WORK INSTRUCTION: Write out exactly the lines below starting at the one containing "フランスの高級スタイルセレブ" and ending at the one containing "If you’d like". Omit every picture.

DATASET CONTENT:
----------

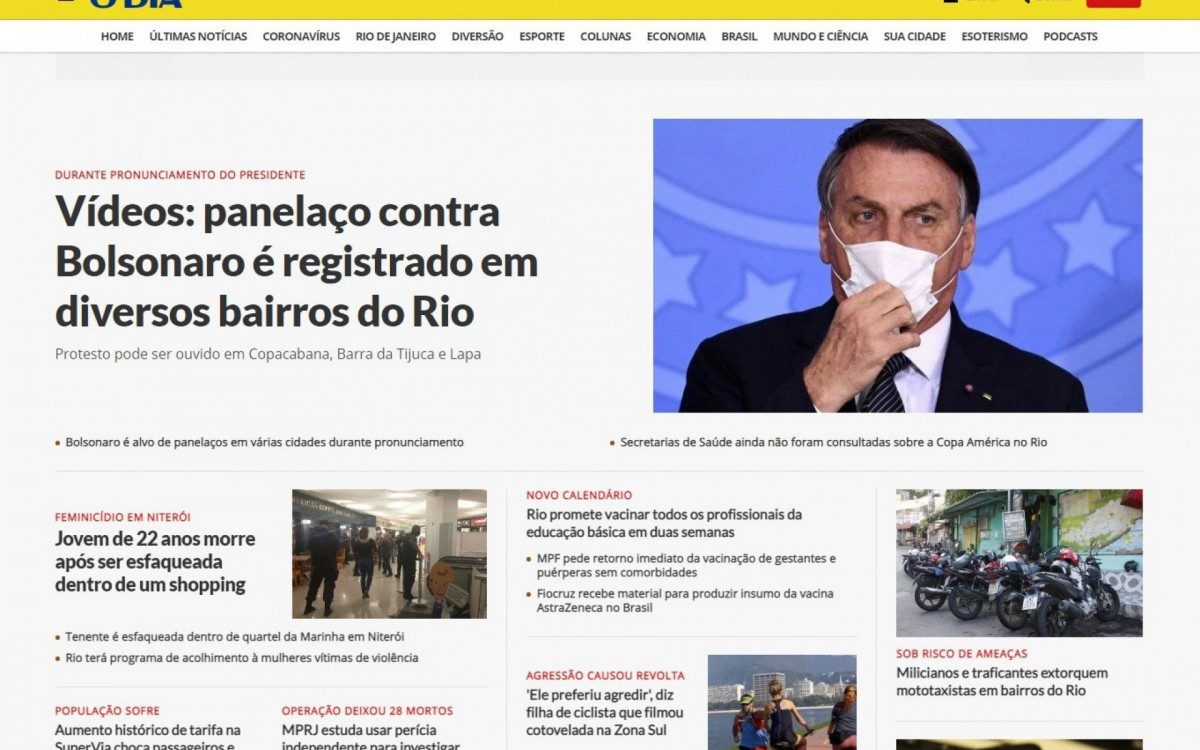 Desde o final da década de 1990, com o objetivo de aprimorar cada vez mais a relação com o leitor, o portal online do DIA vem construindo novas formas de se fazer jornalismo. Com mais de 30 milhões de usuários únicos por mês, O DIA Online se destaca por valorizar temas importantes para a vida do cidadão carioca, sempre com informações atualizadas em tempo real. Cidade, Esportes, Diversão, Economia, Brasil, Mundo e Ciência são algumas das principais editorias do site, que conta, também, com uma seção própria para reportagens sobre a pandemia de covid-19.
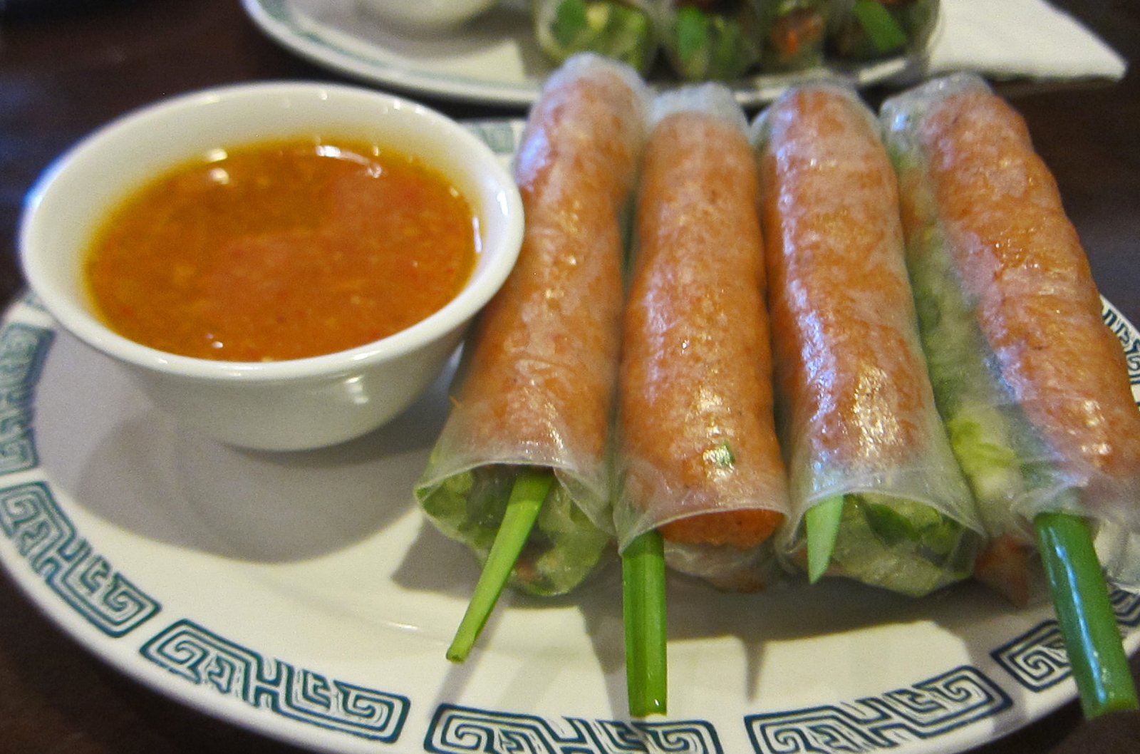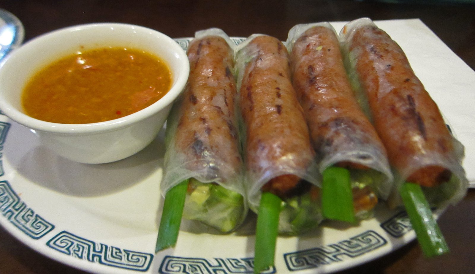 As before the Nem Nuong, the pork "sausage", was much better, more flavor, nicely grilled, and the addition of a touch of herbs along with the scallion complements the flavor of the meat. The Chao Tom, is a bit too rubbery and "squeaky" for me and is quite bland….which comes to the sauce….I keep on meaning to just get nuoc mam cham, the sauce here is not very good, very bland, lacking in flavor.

----------

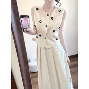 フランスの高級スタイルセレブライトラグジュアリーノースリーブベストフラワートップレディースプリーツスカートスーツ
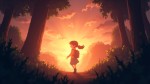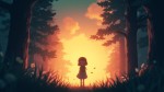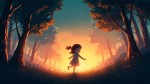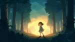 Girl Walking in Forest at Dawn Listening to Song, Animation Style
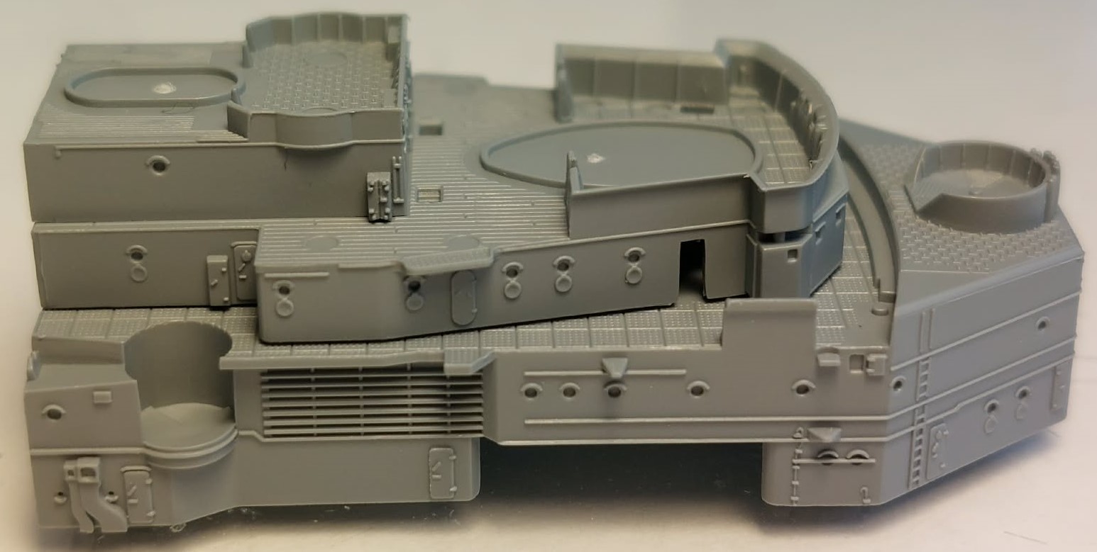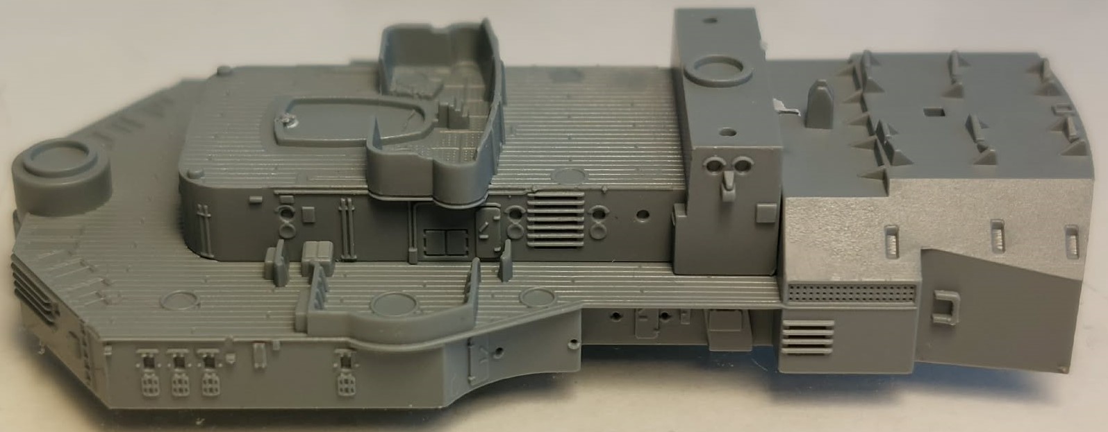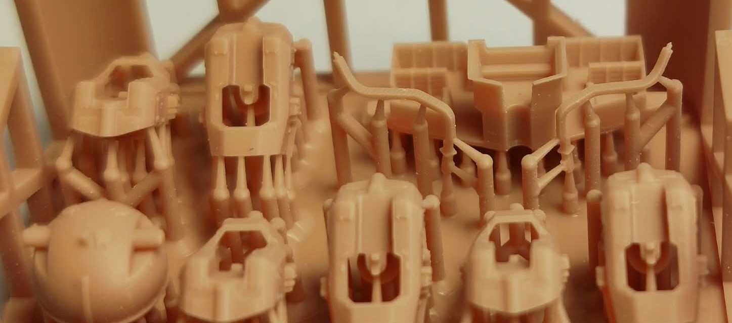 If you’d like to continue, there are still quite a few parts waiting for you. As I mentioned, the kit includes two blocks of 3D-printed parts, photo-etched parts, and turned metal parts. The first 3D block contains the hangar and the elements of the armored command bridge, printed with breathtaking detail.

----------

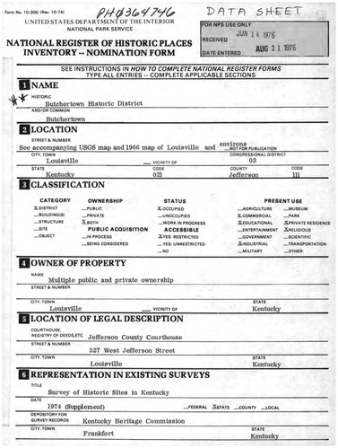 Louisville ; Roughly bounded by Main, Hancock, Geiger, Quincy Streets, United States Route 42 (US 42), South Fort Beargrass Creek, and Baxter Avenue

----------

SOLUTION FOR THIS TASK:
 フランスの高級スタイルセレブライトラグジュアリーノースリーブベストフラワートップレディースプリーツスカートスーツ
 Girl Walking in Forest at Dawn Listening to Song, Animation Style
 If you’d like to continue, there are still quite a few parts waiting for you. As I mentioned, the kit includes two blocks of 3D-printed parts, photo-etched parts, and turned metal parts. The first 3D block contains the hangar and the elements of the armored command bridge, printed with breathtaking detail.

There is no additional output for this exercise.